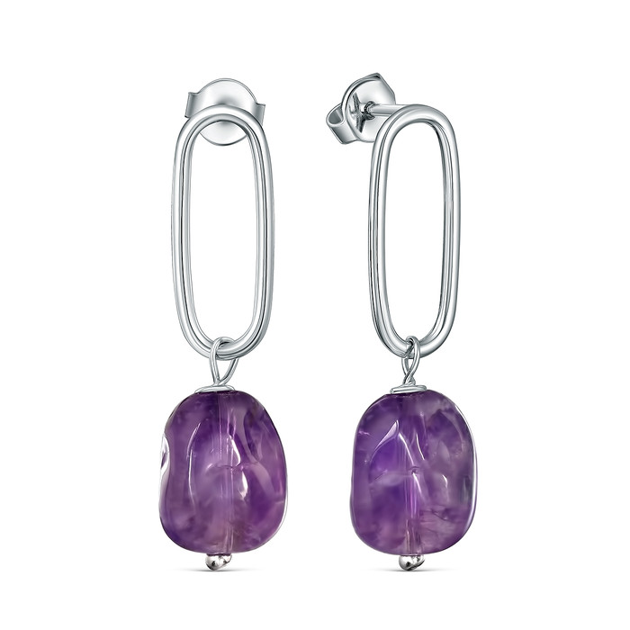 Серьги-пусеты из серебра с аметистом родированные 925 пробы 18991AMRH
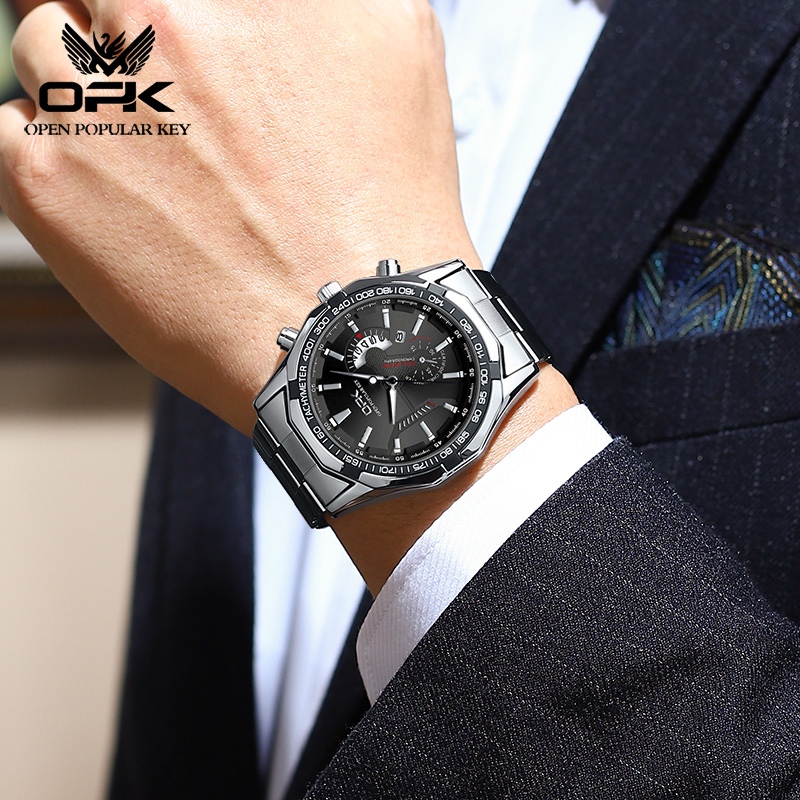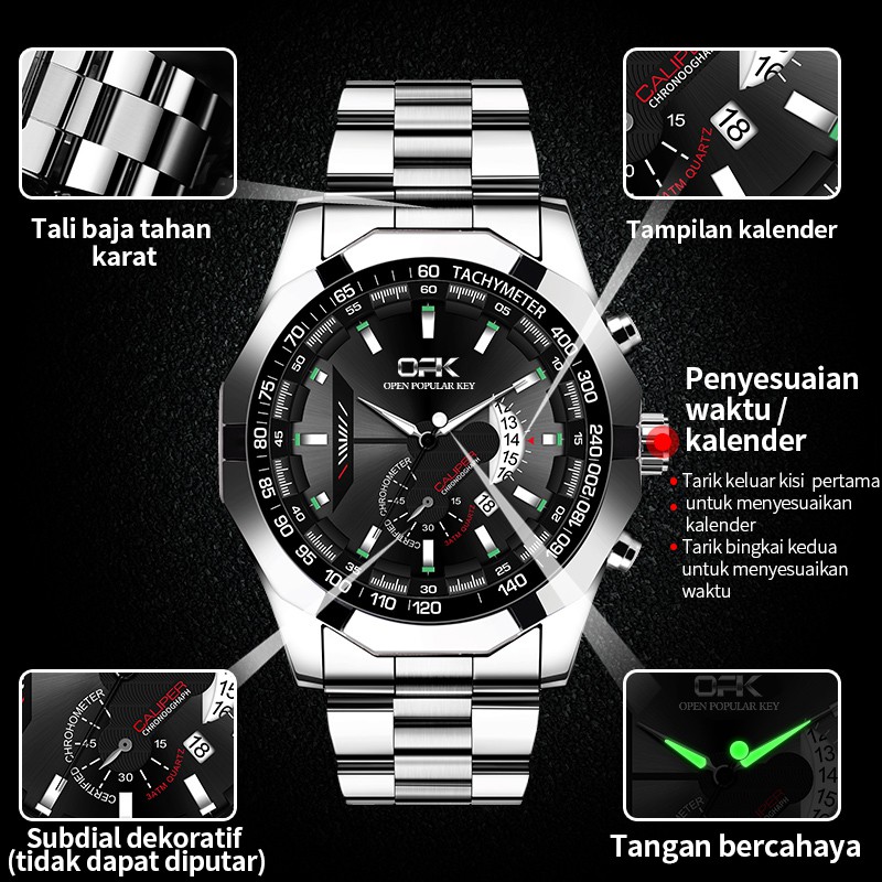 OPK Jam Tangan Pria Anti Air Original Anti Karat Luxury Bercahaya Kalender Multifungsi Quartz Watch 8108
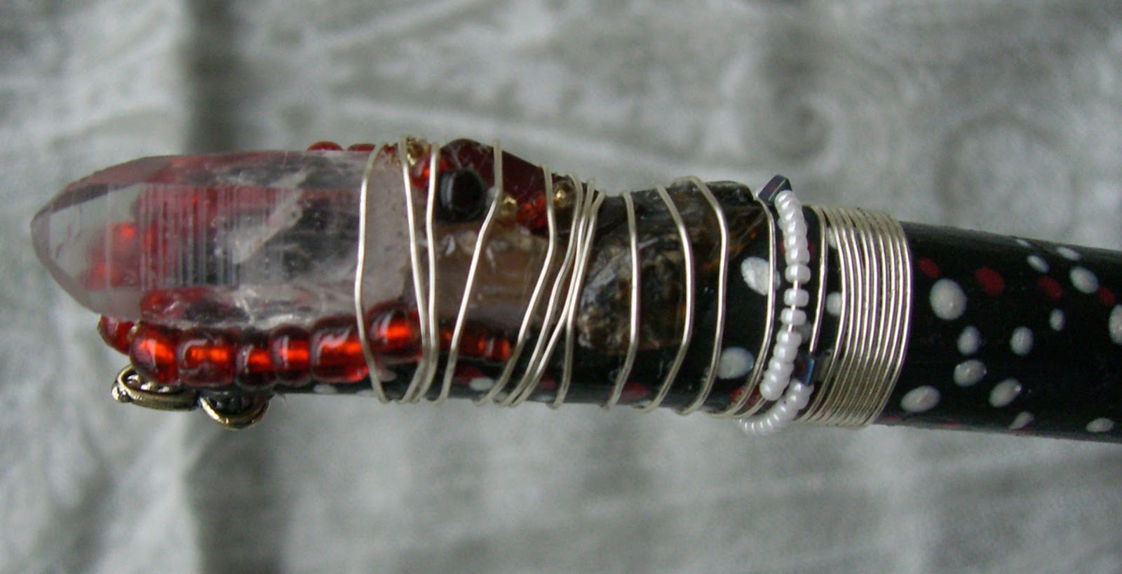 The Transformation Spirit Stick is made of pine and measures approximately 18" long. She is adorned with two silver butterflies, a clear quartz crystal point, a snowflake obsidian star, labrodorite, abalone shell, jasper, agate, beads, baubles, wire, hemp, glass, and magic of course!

...

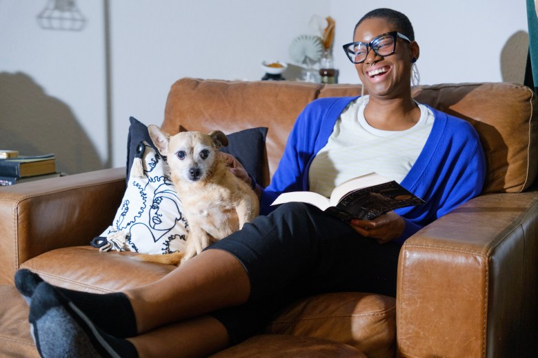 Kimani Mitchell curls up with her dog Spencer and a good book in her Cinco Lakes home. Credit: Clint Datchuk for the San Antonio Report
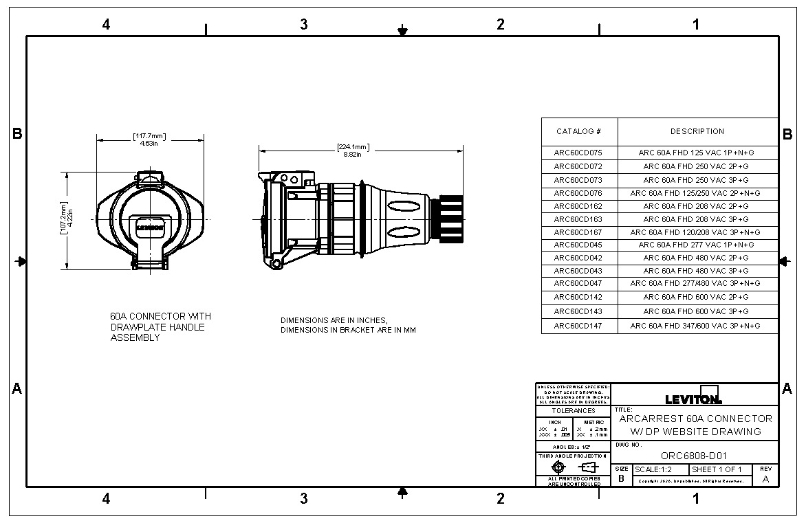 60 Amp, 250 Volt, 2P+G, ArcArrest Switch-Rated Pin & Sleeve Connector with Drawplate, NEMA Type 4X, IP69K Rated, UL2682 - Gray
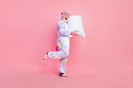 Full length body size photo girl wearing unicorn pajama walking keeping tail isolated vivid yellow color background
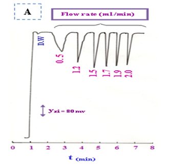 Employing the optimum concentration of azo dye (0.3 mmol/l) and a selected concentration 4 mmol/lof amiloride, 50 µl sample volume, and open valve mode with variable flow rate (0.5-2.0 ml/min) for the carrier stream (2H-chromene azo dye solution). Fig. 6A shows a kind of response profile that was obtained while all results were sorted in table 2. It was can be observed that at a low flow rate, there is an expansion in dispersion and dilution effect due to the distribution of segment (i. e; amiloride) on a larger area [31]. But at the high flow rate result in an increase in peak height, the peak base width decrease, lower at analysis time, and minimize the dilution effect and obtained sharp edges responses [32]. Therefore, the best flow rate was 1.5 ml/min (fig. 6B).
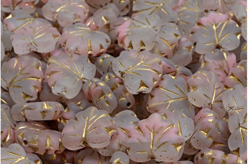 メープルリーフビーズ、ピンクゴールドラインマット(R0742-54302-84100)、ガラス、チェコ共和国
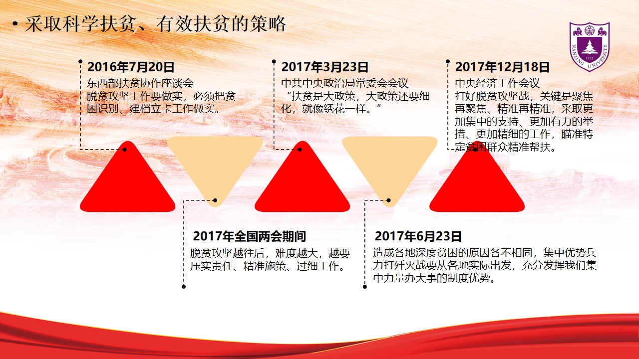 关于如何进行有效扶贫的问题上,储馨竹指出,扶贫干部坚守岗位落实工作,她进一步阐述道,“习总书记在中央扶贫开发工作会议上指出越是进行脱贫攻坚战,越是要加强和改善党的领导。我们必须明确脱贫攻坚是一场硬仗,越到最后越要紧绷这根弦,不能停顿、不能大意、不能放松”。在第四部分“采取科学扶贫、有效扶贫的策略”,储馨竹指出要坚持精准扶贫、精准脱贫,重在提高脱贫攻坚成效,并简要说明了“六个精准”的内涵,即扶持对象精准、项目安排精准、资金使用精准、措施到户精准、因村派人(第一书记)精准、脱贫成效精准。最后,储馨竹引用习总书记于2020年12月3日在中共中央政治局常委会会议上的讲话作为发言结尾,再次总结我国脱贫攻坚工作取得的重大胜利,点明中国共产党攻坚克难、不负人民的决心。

---

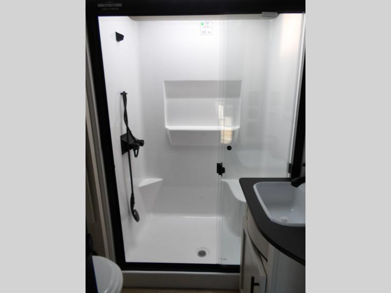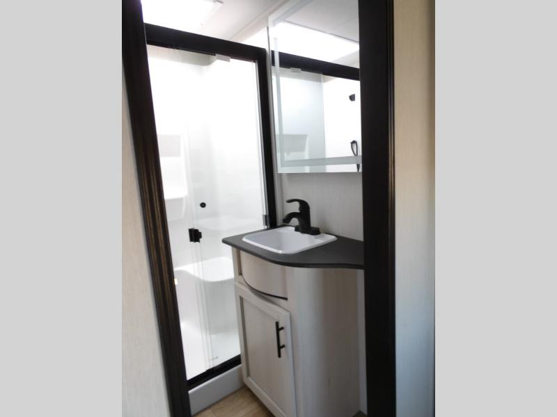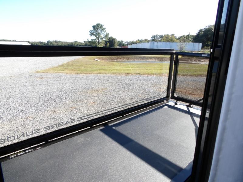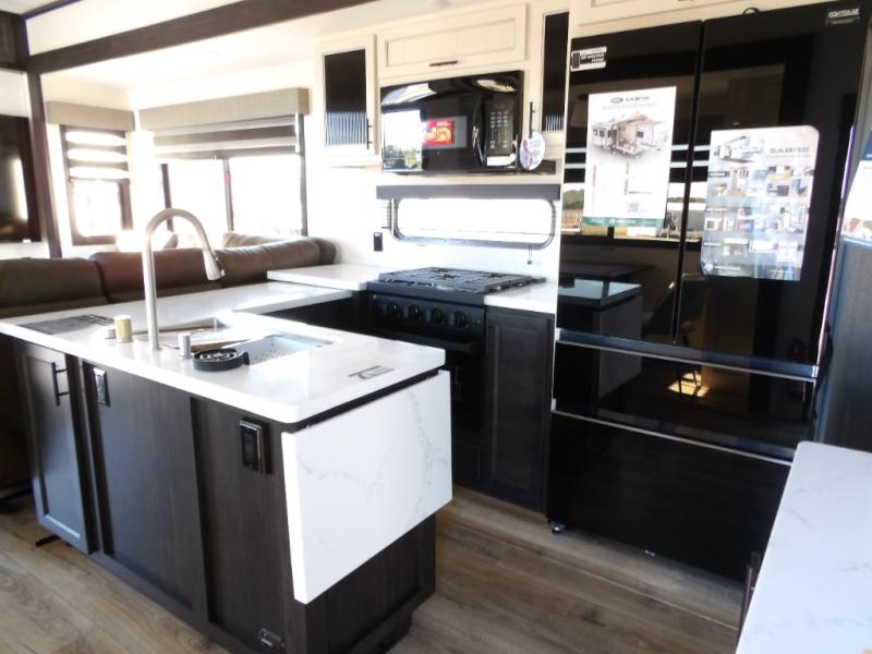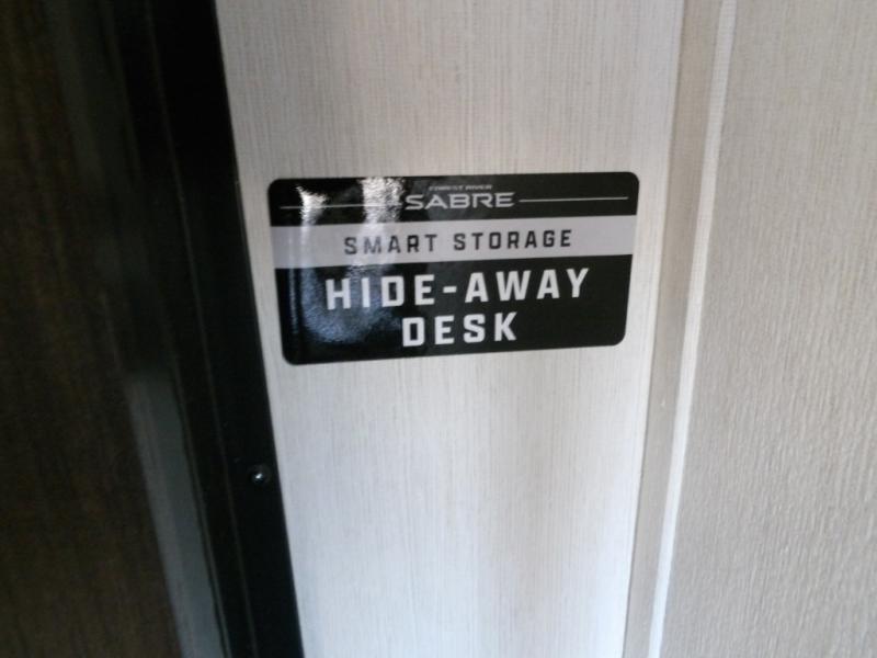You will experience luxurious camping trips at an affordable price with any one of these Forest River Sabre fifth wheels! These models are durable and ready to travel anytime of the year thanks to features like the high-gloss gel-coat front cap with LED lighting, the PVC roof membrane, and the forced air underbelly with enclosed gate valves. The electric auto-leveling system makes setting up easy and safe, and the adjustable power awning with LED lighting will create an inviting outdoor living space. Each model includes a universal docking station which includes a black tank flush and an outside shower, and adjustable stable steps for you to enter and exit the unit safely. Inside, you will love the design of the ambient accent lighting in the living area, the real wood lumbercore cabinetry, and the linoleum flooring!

▸ Task prompt
Nothing but the lines above from the line with "メープルリーフビーズ、ピンク" up to and including the line with "关于如何进行有效扶贫的问题上" should be returned, exactly as written and without pictures.

▸ Completed exercise
 メープルリーフビーズ、ピンクゴールドラインマット(R0742-54302-84100)、ガラス、チェコ共和国
 关于如何进行有效扶贫的问题上,储馨竹指出,扶贫干部坚守岗位落实工作,她进一步阐述道,“习总书记在中央扶贫开发工作会议上指出越是进行脱贫攻坚战,越是要加强和改善党的领导。我们必须明确脱贫攻坚是一场硬仗,越到最后越要紧绷这根弦,不能停顿、不能大意、不能放松”。在第四部分“采取科学扶贫、有效扶贫的策略”,储馨竹指出要坚持精准扶贫、精准脱贫,重在提高脱贫攻坚成效,并简要说明了“六个精准”的内涵,即扶持对象精准、项目安排精准、资金使用精准、措施到户精准、因村派人(第一书记)精准、脱贫成效精准。最后,储馨竹引用习总书记于2020年12月3日在中共中央政治局常委会会议上的讲话作为发言结尾,再次总结我国脱贫攻坚工作取得的重大胜利,点明中国共产党攻坚克难、不负人民的决心。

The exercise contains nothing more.